Martin is interested in applications of probability to the biological sciences. The bulk of his research to date has addressed problems in population genetics.

Thesis title: Discrete-time Stochastic Metapopulation Models

A metapopulation is a population that occupies several geographically separated habitat patches. Although the individual patches may become empty through local extinction, they may be recolonized through migration from other patches. There is considerable empirical evidence which suggests that a balance between migration and extinction is reached that enables metapopulations to persist for long periods, and there has been considerable interest in developing methods that account for the persistence of these populations and which provide an effective means of studying their long-term behaviour before extinction occurs.

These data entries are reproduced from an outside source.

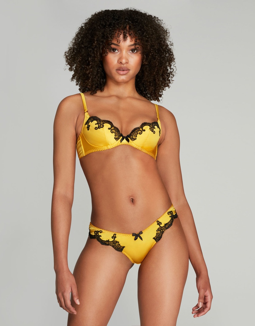 Бюстгальтер из классической коллекции Molly выполнен из желтого эластичного шелка. Фасон балконет украшен полоской черного резного кружева по линии декольте. Чашечки с тонким наполнителем дополнены рельефными швами для оптимальной посадки.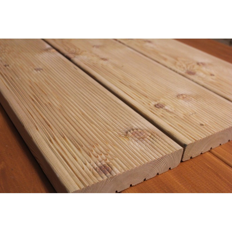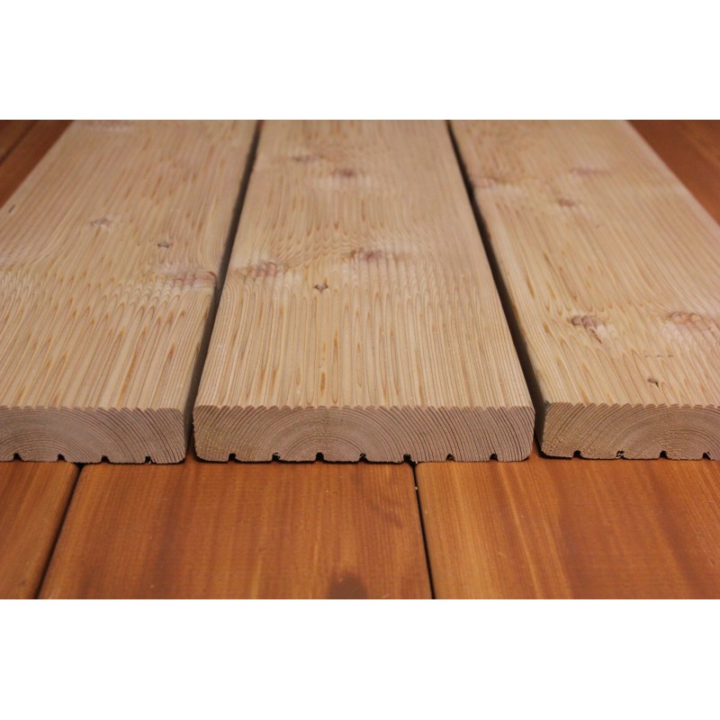 Die Terrassendielen in Restposten mit Kombiprofil (fein geriffelt / genutet) aus sibirischer Lärche sind kammergetrocknet mit 12%(± 2%) Restfeuchte, allseitig glatt gehobelt und Kanten gefast (abgerundet).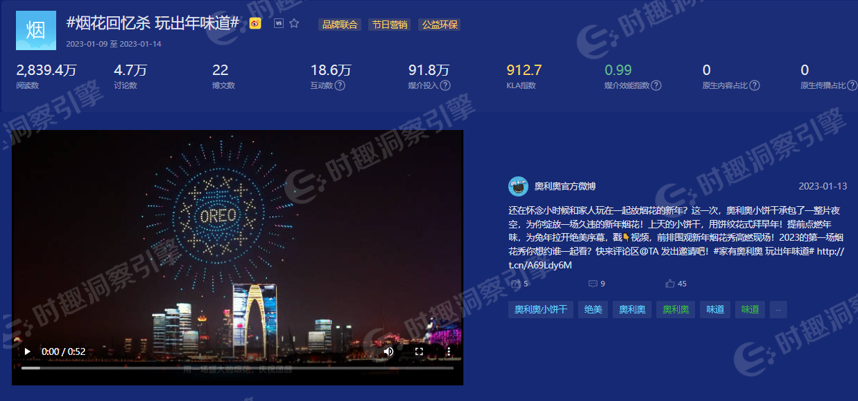同样做开年烟花大秀的,还有奥利奥。近日奥利奥发起#烟花回忆杀 玩出年味道#话题战役,在苏州金鸡湖畔用无人机模拟烟花,网友纷纷评价环保又震撼。
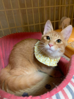 | 特徴(性格など) | 仮名を『わかば』といいます。 TNR現場で保護されました。 茶とらの男の子。半長毛のフサフサ男仔です。 人間に対してはビビリなところがありますが、他猫には趙友好的な平和主義です。 猫同士遊んでいる時が一番楽しそうなので、シェルターで共に暮らす他の仔と二頭一緒か、 フレンドリーな先住猫さんのいるお家がよさそうです。 ビビリなことをご理解いただけて、わかばのペースで見守っていただける方でしたら、 わかばだけに愛情が注がれるひとりっ仔の環境も、悪くないと思っています。 わかばがデレ多めの幸せを知ったら、ストーカーにゃんこになりそうな予感さえします。 仔猫ですから遊ぶ時はパワフルですが、性格は温和で優しい仔です。健康状態良好。 わかばは一度トライアルに出て、里親希望だった方の都合で4日で出戻ってきた経緯があります。 人間の都合で振り回されてしまうことがないように、我こそは!と思われる方からのご応募をお待ちしております。 【医療処置情報】これから実施のも含まれます *健康チェック *3種混合ワクチン接種 (年1回定期的にしております。詳細はお見合い時にお知らせいたします) *ウイルス検査実施(FIV.FeLV共に陰性) *検便実施 *駆虫薬投与(レボリューション、ドロンタール) *マイクロチップ装着 *不妊・去勢手術 |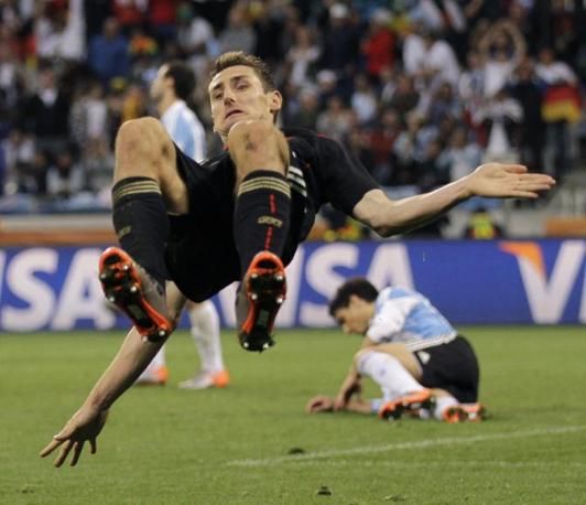 Germany's Miroslav Klose celebrates after scoring his team's fourth goal during the World Cup quarterfinal soccer match between Argentina and Germany at the Green Point stadium in Cape Town, South Africa, Saturday, July 3, 2010. Germany won 4-0. (AP Photo/Matt Dunham)

For many populations extinction and colonization happens in distinct phases, often at different stages in the organism's life cycle, and the natural stochastic model is a (time-inhomogeneous) Markov chain in discrete time. One of the problems with existing discrete-time metapopulation models is their inability to properly model the colonization process. We remedy this by incorporating a simple device to account for the colonization potential of occupied patches. We will develop deterministic and distributional approximation techniques to analyse these models that build on methods we have developed for "mainland-island" models.

Thesis title: Hitting Times for Markov Population Processes Subject to Catastrophes

(Degree conferred December 2005)

Ben has worked on a range of problems in stochastic modelling of complex biological systems. He has determined the extinction probabilities and expected extinction times for the Markovian catastrophe process in continuous time, with a general transition rate function, and has given necessary and sufficient conditions for explosivity. Ben has developed truncation procedures for estimating persistence in populations which may be affected by catastrophic events, and which are either unbounded or have very large ceilings. He has developed theory for first-exit time problems in the context of general piecewise-deterministic processes, providing a general, robust numerical procedure for estimating first-exit times and implemented this using techniques from interval analysis.

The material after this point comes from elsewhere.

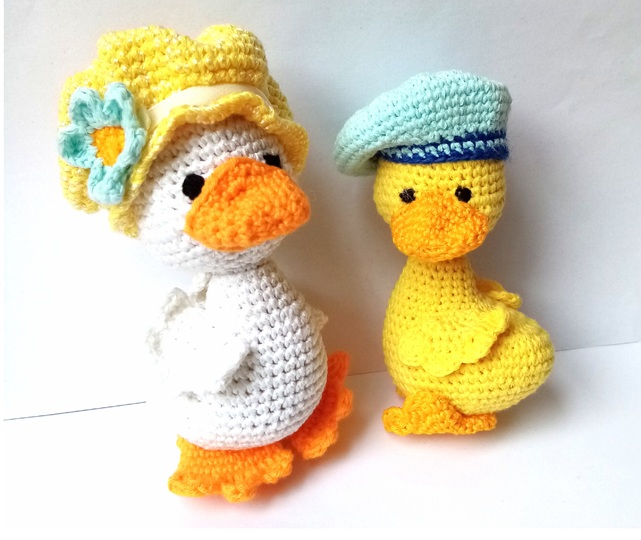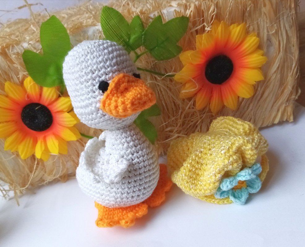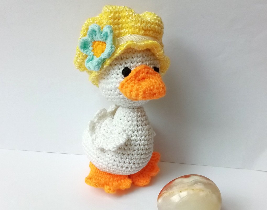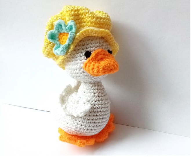 Little crochet amigurumi duck.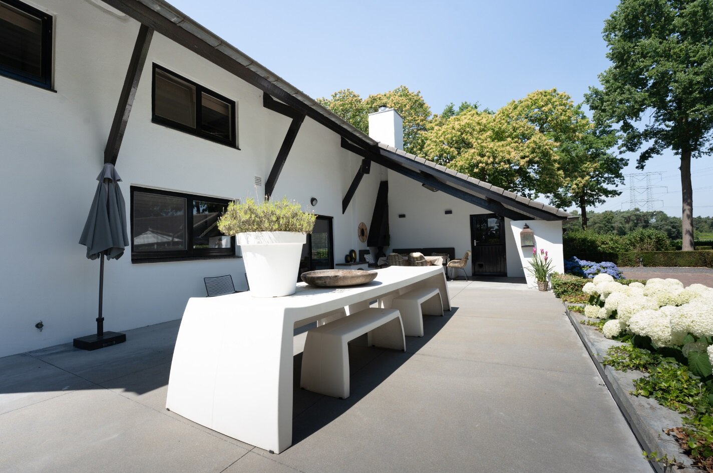De bijgebouwen en de royale buitenruimte maken deze locatie bijzonder geschikt voor wie wonen en werken wil combineren of simpelweg verlangt naar ruimte om zich heen.

Ben is a research scientist in the Cancer Epidemiology Unit at the University of Oxford having previously held a postdoctoral position in the School of Biological Sciences at the University of Bristol.

Thesis title: Long Time Scale Simulations of Biological Molecular Systems

(PhD conferred December 2007)

Ben works primarily on long time-scale molecular dynamics. Traditionally, molecular processes are seen from a classical physics perspective and use various forward integration algorithms to provide thermodynamic information from trajectories. These techniques are primarily limited by computational resource constraints. A series of new algorithms has been proposed which achieves low resolution trajectories of any time scale. One of the difficulties of these approaches is estimation of the overall time in which a molecular process takes place. Ben is using mean first passage times to provide an initial trajectory through the molecules' conformation space. This approach reduces errors introduced by poor time-scale estimation. The practitioner is also provided with a starting point for a trajectory search using more traditional deterministic algorithms.

Ben is currently a medical student at Flinders University School of Medicine.

Thesis title: Topics in Quasi Stationarity of Markov Chains

(Degree awarded July 2007)

Quasi-stationary distributions are tools that allow one model the long-term behaviour of processes that "die out". Convergence of standard truncation methods for evaluating quasi-stationary distributions is not always guaranteed, and it is desirable to have algorithms that avoid truncation. An algorithm which avoids truncation in computing stationary distributions is the GTH Algorithm. It completely avoids subtraction, and it was shown that the algorithm computes stationary distributions with low relative error, and even extremely small stationary probabilities with high accuracy. A simple principle has been proposed: that many algorithms in non-negative arithmetic produce results with low relative error. Nick has been exploring how this principle applies to the evaluation of quasi-stationary distributions. He has examined an algorithm for computing the dominant eigenvectors which uses non-negative arithmetic and which gives demonstrably low relative error.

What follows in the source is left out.